Devices that support GMPLS should provide mechanisms for
aggregating, summarizing, enabling and disabling of inter-layer
notifications for the reasons described above. In the context of
SNMP MIBs, all MIBs that are used by GMPLS must provide
enable/disable objects for all notification objects. Furthermore,
these MIBs must also provide notification summarization objects or
functionality (as described above) as well. NMS systems and standard
tools which process notifications or keep track of the many layers
on any given devices must be capable of processing the vast amount
of information which may potentially be emitted by network devices
running GMPLS at any point in time.
12. Security considerations
GMPLS defines a new control plane architecture for multiple types of
network elements. In general, since LSPs established using GMPLS are
expected to carry high volumes of data and consume significant
network resources, security mechanisms are required to safeguard the
underlying network against attacks on the control plane and/or
unauthorized usage of data transport resources.

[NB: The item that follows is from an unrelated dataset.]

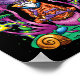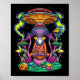 L'image représente une scène psychédélique avec une figure centrale d'un homme sage méditant en position de lotus. Il est entouré d'un florilège de champignons colorés, dont un grand chapiteau en forme de parapluie qui domine sa tête. Des flammes de différentes couleurs dansent autour des champignons, créant une atmosphère mystique et autre.

Security requirements depend on the level of trust between nodes
that exchange GMPLS control messages as well as the exposure of the
control channel to third parties. In general, a network node may
apply more relaxed security requirements when exchanging GMPLS
control messages with nodes under the same administrative domain
than when talking to nodes in a different domain. In this respect,
network to user (UNI) and network-to-network interfaces are expected
to have higher security requirements than node-to-node interfaces.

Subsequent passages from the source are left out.